Reproduction regulation, abortion and Indigenous women since the 1970s

Cassandra Byrnes explores the complex relationship between reproduction regulation, feminism and race in Australia since the 1970s.

Tasmania’s primary surgical abortion service provider closed down in the first two weeks of 2018. This decision disproportionately affects pregnant people who cannot afford to travel to the mainland for terminations, and there have been calls to have the Government provide access to surgical terminations.
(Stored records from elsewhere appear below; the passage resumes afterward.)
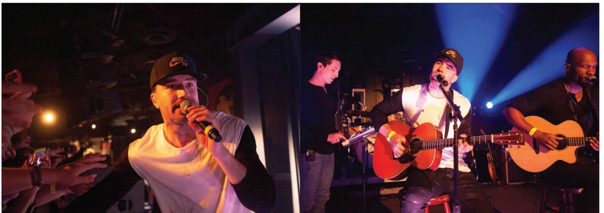
KERI O'MARA | The Observer
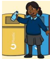
put litter in the bin
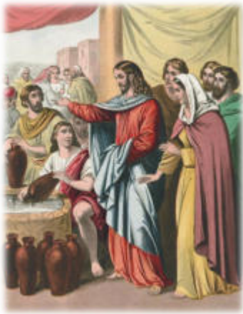
"The First Miracle"

"His mother said to the servants, "Do whatever he tells you." John 2:3-5
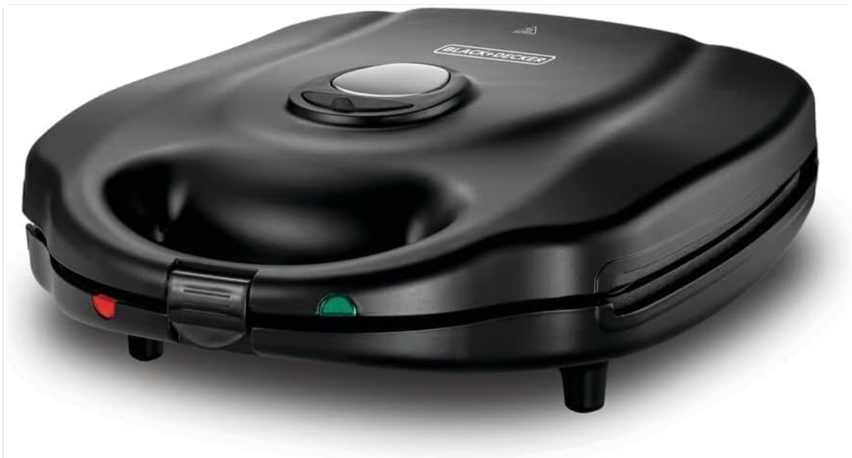
Figure 1: The Black & Decker TS4130-B5 3-in-1 appliance in its closed, compact form. This image displays the sleek black exterior with indicator lights and the central latch mechanism.

This manual provides essential instructions for the safe and efficient operation, maintenance, and care of your Black & Decker TS4130-B5 3-in-1 appliance. This versatile unit functions as a grill, waffle maker, and sandwich maker, featuring interchangeable non-stick plates for various culinary tasks. Please read this manual thoroughly before first use and retain it for future reference.
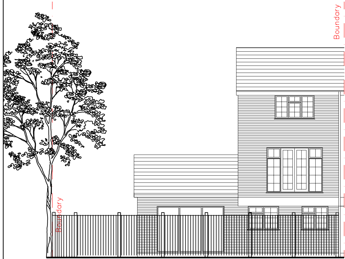
Proposed rear elevation (South East facing)
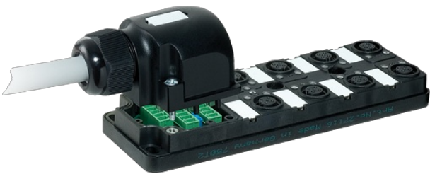
M12 Females 5-pole

Further cable lengths on request. Plastic housings with good resistance against chemicals and oils. The resistance to aggressive media should be individually tested for your application. Further details on request. 8-way, 5-pole PUR/PVC 5.0 m with LED for digital PNP-signals 24 V DC
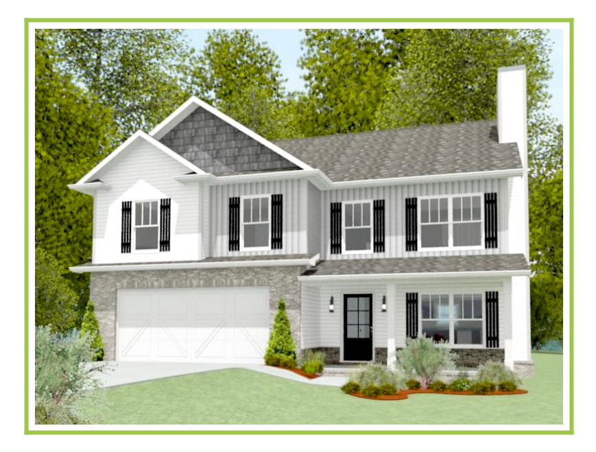
Craftsman Series | 2 Car Front Entry Garage | 3 Bedroom | 2.5 Bathrooms
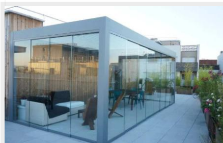
Bioclimatic Glass Room

Regulating reproduction and reproductive services has been a contentious issue in Australia for decades. Abortion in particular is an issue which exemplifies attitudes towards gender, race and the medicalisation of the body. The current discussions over the legal and financial rights to abortion have their basis in much earlier debates from the Women’s Liberation movement.

Headline on 19 July 1982, from NSW’s Thanuka newspaper. Image via National Library Australia.

Abortion, as well as birth control and sterilisation, were at the forefront of feminist demands during the 1970s and 1980s in Australia. Many in the women’s movement perceived laws and attitudes toward birth control and abortion in the early 1970s as restrictive and inherently patriarchal. Abortion and contraception were more than a product of women’s reproductive health; safe and free access was seen as a means for advancing women’s control over their own bodies, and enhancing their place in society more broadly.

Yet these ideas about abortion were promoted most vocally by those in a position of privilege within the second-wave feminist movement. As Indigenous women including Aileen Moreton-Robinson, Melissa Lucashenko and Pat O’Shane have suggested, white feminism was not inclusive of Aboriginal women. Although groups such as the Women’s Abortion Action Campaign argued for “no discrimination against young, black or migrant women” seeking terminations, the reality of the situation was different for Indigenous women.

For some Indigenous women, abortion was far from an urgent issue. Indigenous activists stated that it was their “own business” when it came to family planning and contraception. As Bobbi Sykes noted, Indigenous women feared that if abortions were more readily available it would create more opportunities to restrict black women’s reproduction.

In colonised countries, reproduction has been intrinsically linked with racial hierarchies, thus women asserted that it is not possible to think of reproductive rights as distinct from colonisation and genocide. Some Indigenous women stated they were inherently suspicious of attempts to control black women’s reproduction.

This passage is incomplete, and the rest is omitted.